Team Building~
Fun ways to create motivating,cohesiveness and synergy within teams

After working long and arduous projects, employees may feel unfocused, overworked and emotionally drained.  Team builders are a great opportunity to re-energize and motivate them with fun and creative activities that will boost their morale all while fostering bonds among them.  Taking time to conduct team builders will result in employees feeling revitalized and their abilities to work in teams will be strengthened.  

Below are few ideas to get your team started.  Team builders can be made held in conjunction with potlucks bi or tri-monthly.  The key is to have fun!

1. Scavenger Hunt: This can be done as individuals or small teams. Hand out a list of items and answers that each team needs to find. The items and answers should all be work-related. Some should be easier than others, but make sure to have some tricky ones in there. Give a time limit for the teams to find as many answers as possible. Value: Everyone will be reminded of some important work policies and procedures. This type of learning will last a long time because of the excitement that is paired with it.

2. Get to Know Me!: Have members team up with someone they are not sitting next to in the meeting. Instruct each duo to take turns asking each other three questions: 1) name a moment in your work or personal life of which you are very proud, 2) name something that most people do not know about you, 3) interviewer's choice of any question. Then, have each person share with the larger group what they discovered about their partner. Value: The duo and group learn a lot more about each other.

3. Big Foot: Have everyone line up in a straight line. Then, blindfold everyone. Instruct them to re-organize themselves according to shoe size without stating their shoe size to each other. Value: The team will need to work together on communicating without saying their shoe size and without vision. Teamwork is a must to succeed at this one.

4. Spider Web:Have everyone sit across from one another; as close to a circle as possible. Holding a ball of twine, state something embarrassing about yourself and then, once the laughter dies down a little, hold onto the end of the twine and toss the ball across to the other side of the circle. Every person shares an embarrassing story and passes the twine across to someone else, while holding a connected piece. After everyone has gone, you will have a spider web connecting all of you. Value: Point out that you are all connected.

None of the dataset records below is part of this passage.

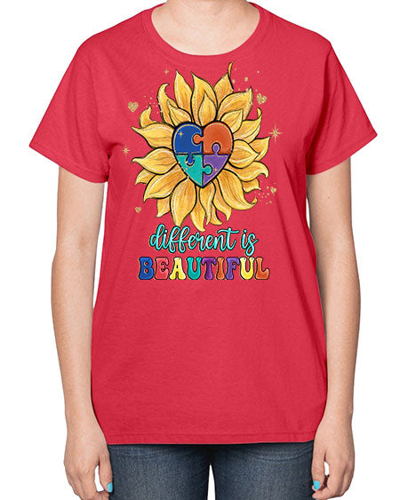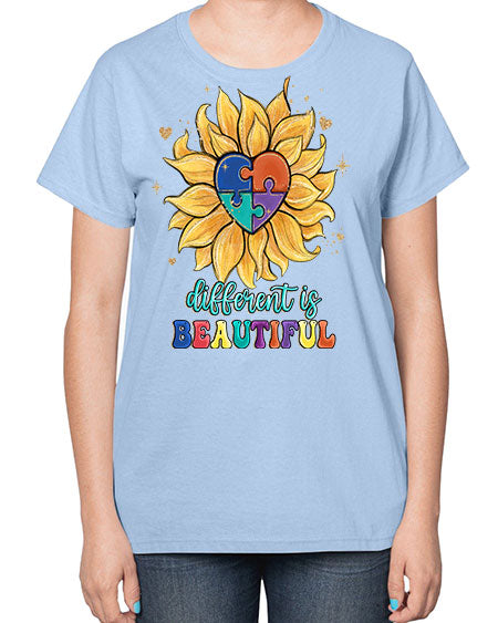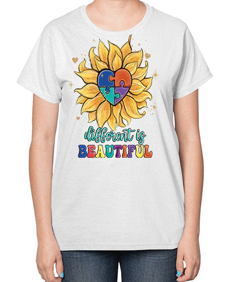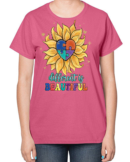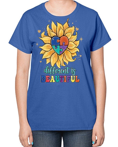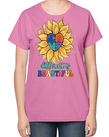 google-site-verification=jVrHOkW2AsgL_ozwUikqFQE6-Ke6U43Z8aLcUbXT5TE different is beautiful - autism- Ladies T-Shirt – Tshirt Unlimited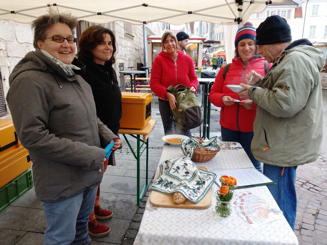 Nanett Kaulwell und Kerstin Anton (von links) bereiteten die Suppen zu und boten sie Passanten an. FOTO: BÖHM
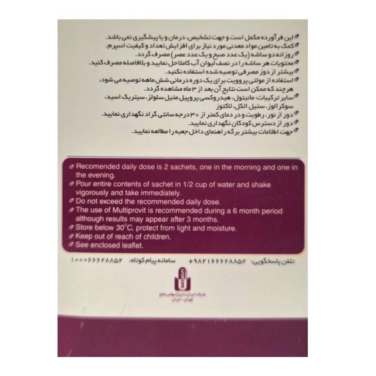 ویتامینها و مواد معدنی موجود در مولتی پروویت به تقویت سیستم ایمنی، بهبود عملکرد متابولیک و حفظ سلامت عمومی بدن کمک میکنند.

Although you are different, you share similar experiences and emotions in your life. You are more alike than you are different.

5. Kid's Stuff: Using poster-board, markers, and your imagination, create a board game based on the work your organization conducts. Make cards that are chosen with job-based questions that must be answered in order to move forward. Dice can be used to determine how many spaces to move. If you are not up to the creative challenge, ask a couple of volunteers to design and facilitate the game. Value: Your team will have fun and be rewarded for knowing how to do their job correctly.

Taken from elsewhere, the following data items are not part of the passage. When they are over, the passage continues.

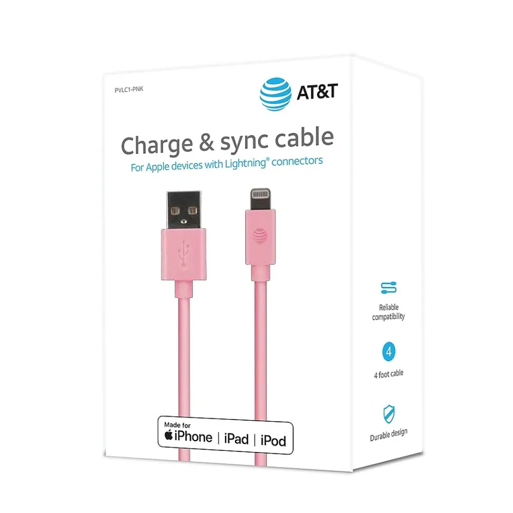 Stay connected with the pink 4 Ft. PVC Charge and Sync Lightning Cable from AT&T! This 4 ft. long PVC charge and sync USB to lightning cable is ideal for use everywhere. The pink, heavy-duty PVC cable has a durable design that provides high speed charging.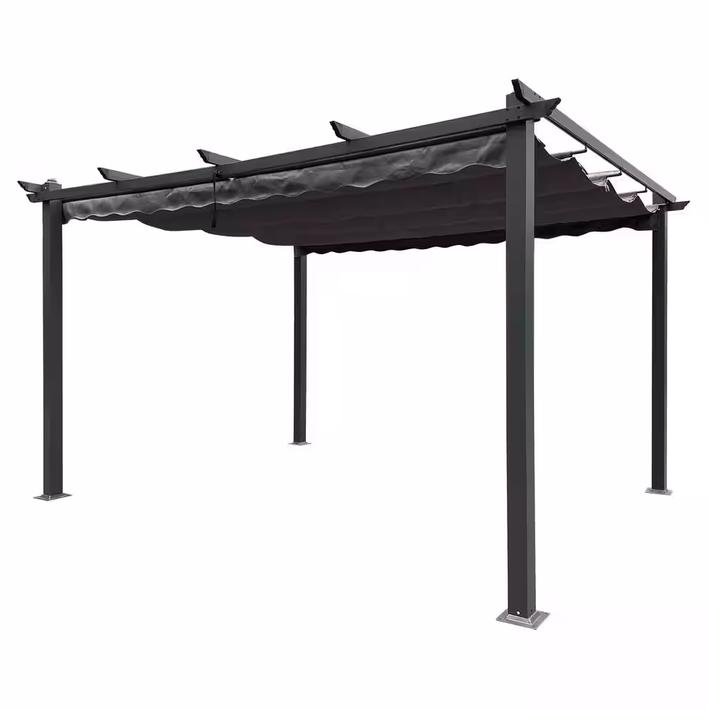 Anvil 10 ft. x 13 ft. Outdoor Patio Retractable Gray Pergola with Canopy Sun shelter Pergola for Gardens, Terraces, Gray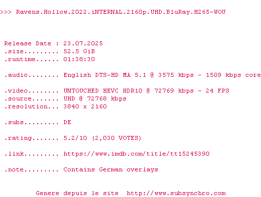 Voir le nfo de la release Ravens.Hollow.2022.MULTi.COMPLETE.UHD.BLURAY-WRECKED
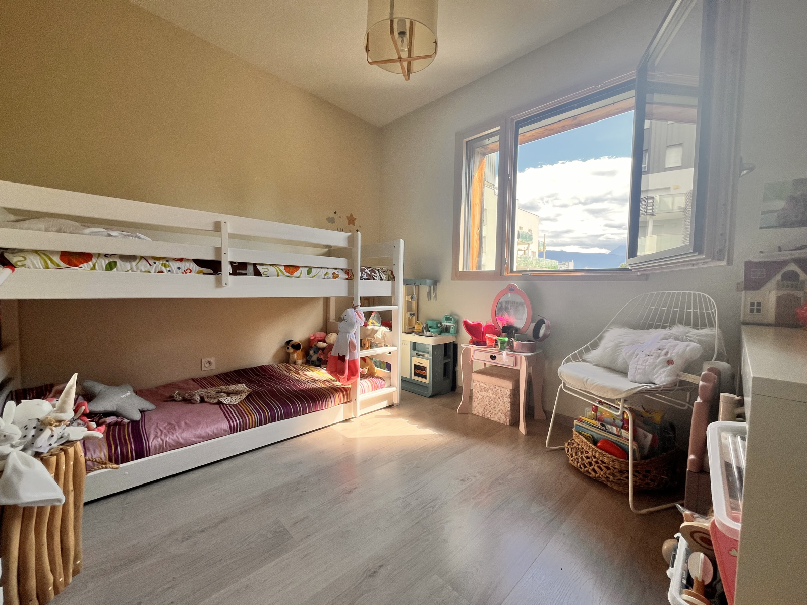 Il se compose d'une entrèe/dégagement desservant la pièce de vie avec cusine toute équipée ouverte et un accès à la terrasse abritée de 10 m² sans vis-à-vis et avec une vue dégagée sur le Vercors. On trouve ensuite un espace nuit composé de 2 belles chambres, d'une salle de bains avec fenêtre et d'un wc séparé.
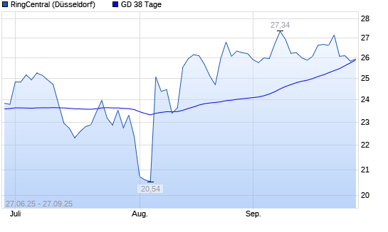 Mit dem Rücksetzer auf 25,70 EUR hat die RingCentral-Aktie am 26.09.2025 die 38-Tage-Linie nach unten gekreuzt.

6. Someone You Admire: Have everyone share the name of someone they admire (current or historical figure). They also share why they believe this person is admirable. Value: Everyone will learn more about each other's values and what they believe is important. It will also bring people closer together when they realize they respect the same people.

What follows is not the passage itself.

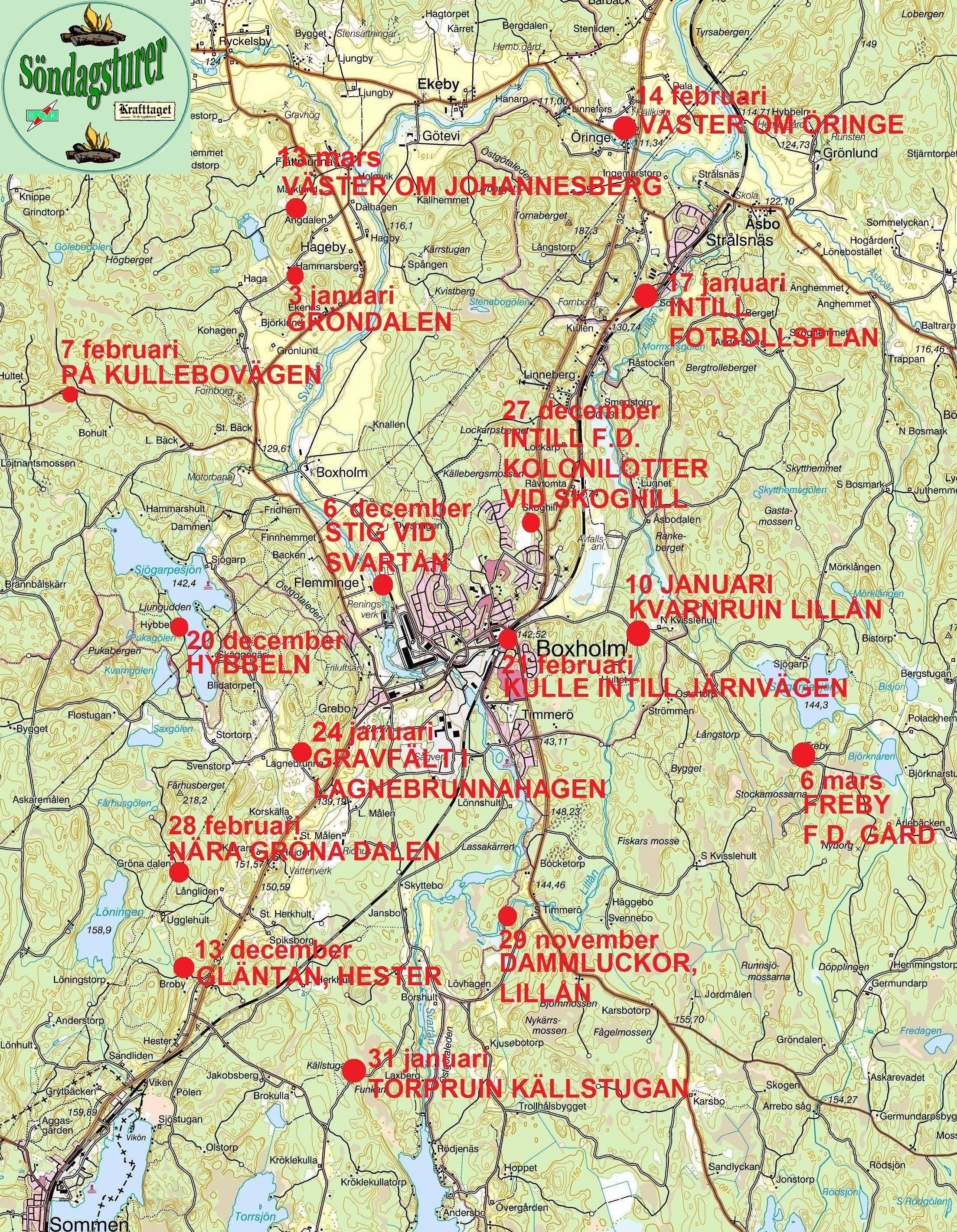 kan karta ses som visar Söndagstursplatserna 2015-2016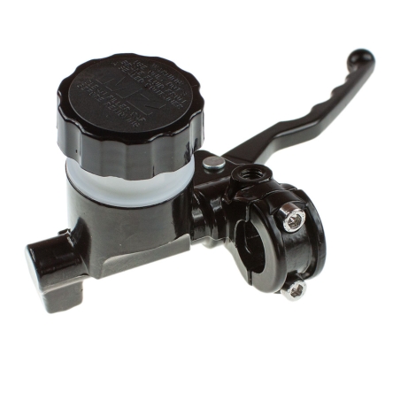 Pompa hamulcowa, ze zbiorniczkiem hamulcowym. Nie ma miejsca na lusterko.Wizjer płynu hamulcowego - od strony kierownicyMontaż na kierownicę: 22mm , strona prawaKolor pompy: czarny ; kolor dźwigni: czarny

7. See What I mean?: Have a volunteer hold a sheet you have created with different shapes drawn on it. With their back to the group, the volunteer describes the shapes on the paper; everyone else tries to draw the same design based on only the verbal instruction of the volunteer. Value: The group's pictures will not be exactly the same as the original and some will be really far off. Everyone will be reminded of the importance of communication. If you would like, try having a second person describe another sheet of paper with different shapes. Then, discuss the difference in the approach.